Between 2003 and 2008, Agarwal founded and ran a company called ANMsoft, which builds business-to-business solutions for online retail and travel. It was only in 2008 that he returned to B2C and started Naaptol. Upon its entry into the home-shopping segment, Naaptol was considered a long shot in a market with two significant players: Network18-owned HomeShop18 (Disclaimer: Network18 publishes Forbes India) and NewsCorp-owned Star CJ (now ShopCJ). It has, however, defied scepticism and rapidly scaled up operations.
In the last two years, Naaptol significantly ramped up its content-creation platform and now has seven 24-hour channels (in Hindi, Marathi, Tamil, Bengali, Kannada, Telugu and Malayalam). Late last year, it raised Rs 136 crore and Rs 343 crore in two separate rounds of funding from the Japanese business conglomerate, Mitsui & Co.

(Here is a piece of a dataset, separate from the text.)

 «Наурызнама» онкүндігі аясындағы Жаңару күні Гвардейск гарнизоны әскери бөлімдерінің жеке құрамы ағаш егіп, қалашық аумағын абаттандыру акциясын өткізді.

“The spending power of people in India is only going to rise and it’s going to come from a broader base of customers,” says Suresh Shanmugham, managing partner and co-founder of Saama Capital, an investor in Naaptol. However, he adds, home-shopping is a complex business, with a number of components that need to be kept in mind, including call-centres, logistics and technology.

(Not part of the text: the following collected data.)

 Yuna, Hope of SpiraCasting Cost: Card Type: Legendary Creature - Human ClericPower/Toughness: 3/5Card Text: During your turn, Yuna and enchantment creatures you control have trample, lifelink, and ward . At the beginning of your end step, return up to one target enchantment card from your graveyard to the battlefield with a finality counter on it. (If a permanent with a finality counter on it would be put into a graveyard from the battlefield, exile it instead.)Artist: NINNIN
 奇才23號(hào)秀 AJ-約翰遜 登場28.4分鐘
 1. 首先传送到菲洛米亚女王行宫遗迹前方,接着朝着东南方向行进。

Considering the fact that Naaptol has its entire online retail infrastructure in place, Agarwal is often asked about a possible pivot to ecommerce. “We’ve focussed on our core and that’s done well for us,” he says.
But he may not be able to stay at status quo either. For one, home-shopping as a category continues to cede ground to online retailing, according to a recent report by research firm Euromonitor. As home-shopping firms branch out to different linguistic regions, they must invest in programming in various local languages to survive.

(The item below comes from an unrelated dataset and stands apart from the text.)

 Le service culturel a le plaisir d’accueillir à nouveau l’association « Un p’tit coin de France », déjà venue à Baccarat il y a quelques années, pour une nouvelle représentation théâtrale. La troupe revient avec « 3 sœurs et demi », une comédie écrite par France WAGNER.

Also, the rate of cash burn in home-shopping, though not nearly as high as its peers in online retail, is still a factor. As a result, Naaptol has not yet succeeded in becoming profitable, though Agarwal expects it to happen this year. “We lose less than a million dollars a month,” he says.
But though ecommerce is clearly the future, Euromonitor data suggests that the size of the home-shopping market in India has increased from Rs 990 crore in 2010 to Rs 1,560 crore in 2016. (Euromonitor defines home-shopping as “the sale of consumer goods to the general public via mail order catalogues, TV shopping and direct mail”. This excludes sales ordered and paid online.)
And television remains an efficient medium to reach large audiences. “Despite the rapid penetration of internet in India, we believe that the television network will continue to have the widest coverage geographically and demographically,” says Mitsui & Co’s general manager of media business division, Yuichiro Hanawa.
As Naaptol aggressively increases its presence on television and improves the quality of its content, Agarwal lets the data guide him. “Every day, I look at it and then breathe down their necks,” he says, pointing at an executive seated nearby. “As soon as my data starts telling me that there’s potential in ecommerce with a decent margin, we’ll start focusing on that.”